第7話 ヘルパンギーナ

「ヘルパンギーナですね、夏風邪の一種です。」


「ヘルパンギーナって水泡ができたり、高熱を出たしたりするんですよね。」


医者はヘルパンギーナと診断した。

とりあえずカロナールとトローチを出すといった。


家に帰ると、乙葉をベッドに寝かし、伯母さんにお粥を作ってもらった。


乙葉が起きた頃には、伯母さんは帰っていった。


「あっ乙葉、しんどい?」


「うん…。」


「体温計で熱計っといてや。」



体温:38.7℃


「まだ高いな。薬飲ませたいから、お粥さっき伯母さんが炊いてくれたから食べとけよ。洗濯物入れてくるから。」


「……なぁ、お兄ちゃん食べさせて?」


おっお兄ちゃん!?

兄妹になって3日間、お兄ちゃんなんて言われたことない。


「そんなにしんどいんか?しんどいんやったら仕方ないけど。」


「ううん、大分マシになったよ。」


「じゃあ別にいいやん。」


「いやの!食べさせてよ。」


「まあそんなに興奮されても困るしいいか。」


「やったぁ!」


子供みたいに喜ぶ乙葉。こういう時だしいいか。


「はい口開いて。」


プチッ

小さいライトをポケットから取り出す。


「…うーん、まだ腫れてるな。喉痛いか?」


「うん、なんか飲んだら痛いの。」


「そっか。じゃああーん。」


「…おいしい。」


「なんかライオンの餌やり体験みたいやな。

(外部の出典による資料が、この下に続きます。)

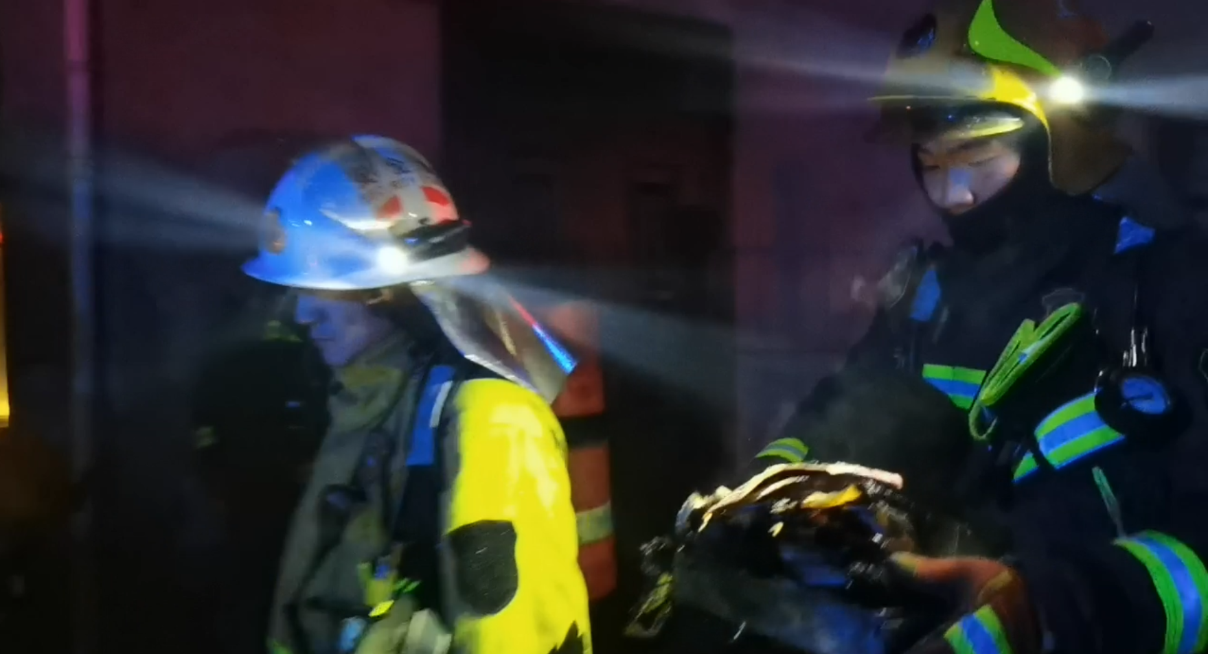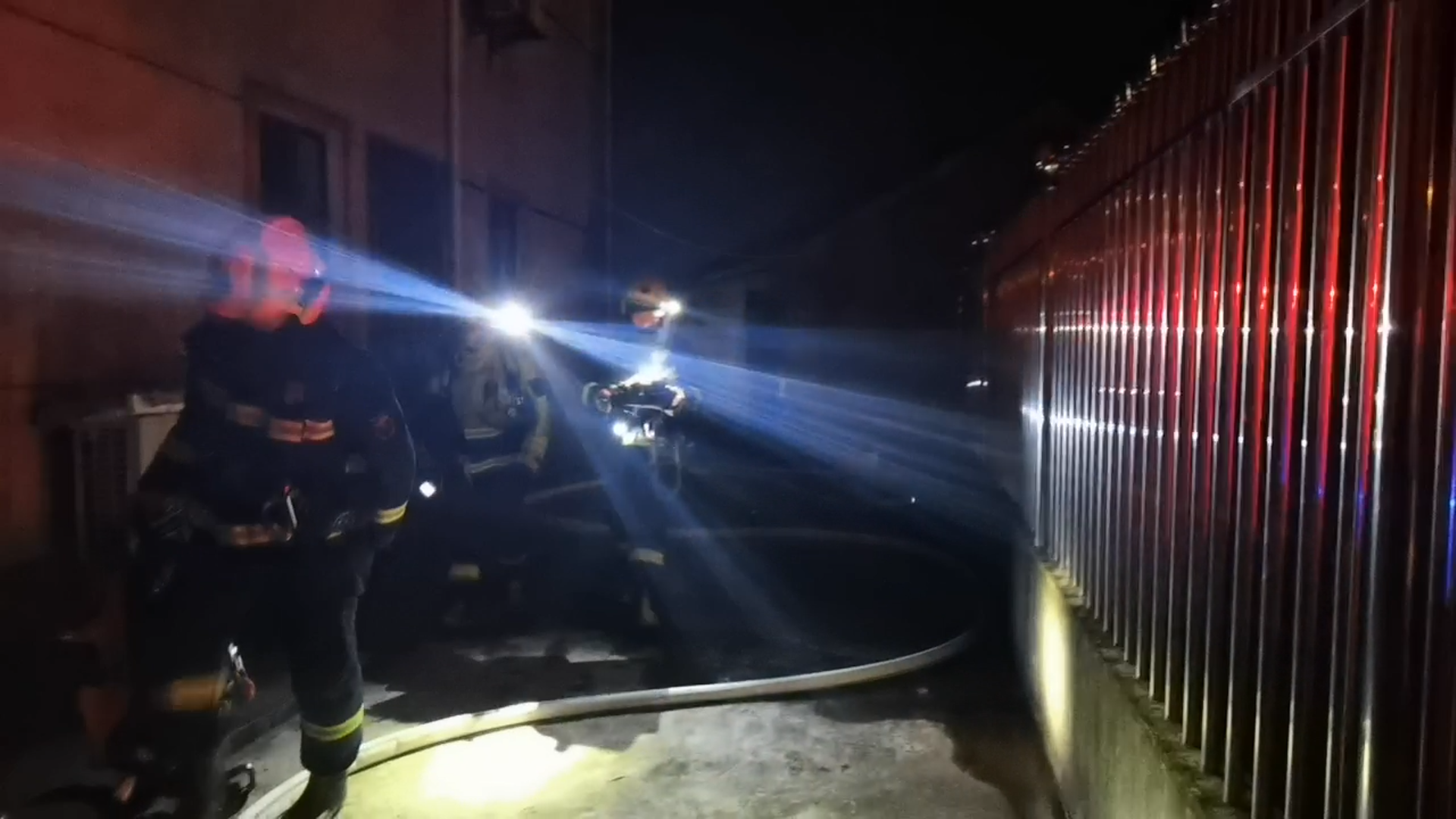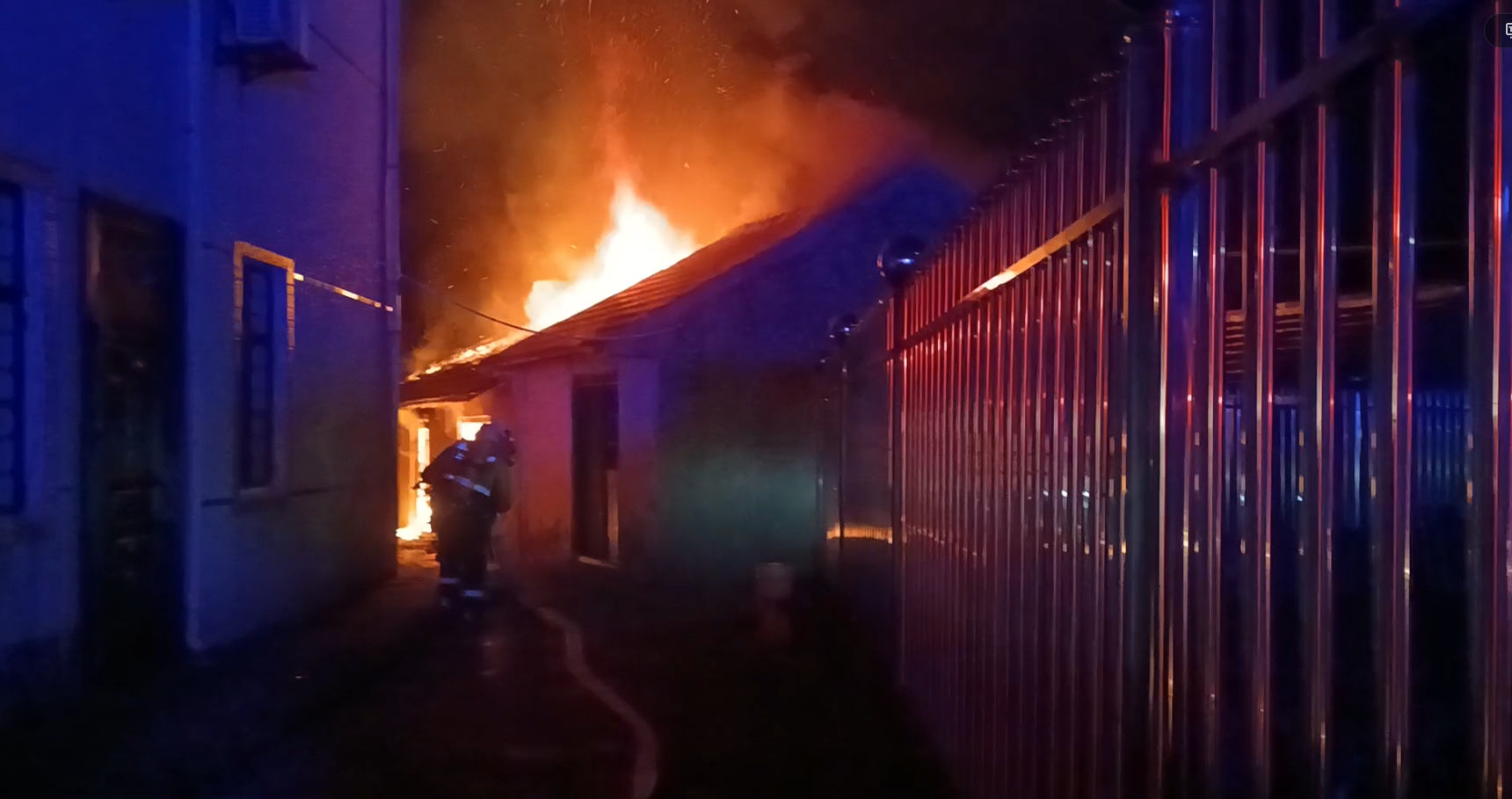 现场火光冲天,浓烟滚滚,火势正处于猛烈燃烧阶段,部分屋顶已出现坍塌,情况十分紧急。指挥员立即下令:一组队员用水枪控制火势,其他人员合力扑救。20多分钟后,明火被成功扑灭,所幸未造成人员伤亡。

」


「えっ…。なに言ってるんよ!もう!」


10分後


「じゃあ食べ終わったし、カロナール飲んどけよ。」


「…なぁなぁ、薬飲ましてよ。」


「あのー、薬くらい自分で…。」


「…だめなの。」


「何が?」


「…粉薬飲めないの、自分で。」


「分かった。じゃあこれ使って。」


「……お薬飲めたね、って何よこれ。」


「ゼリーに混ぜて飲むんや。」






「はいあーん。」


「……うげっ!苦いよ!」


「せやろ、だから俺はこれ買っといたんや。」


「そっか、ありがと。」


俺も飲んだことがある。このピンクの粉は物凄く苦かった。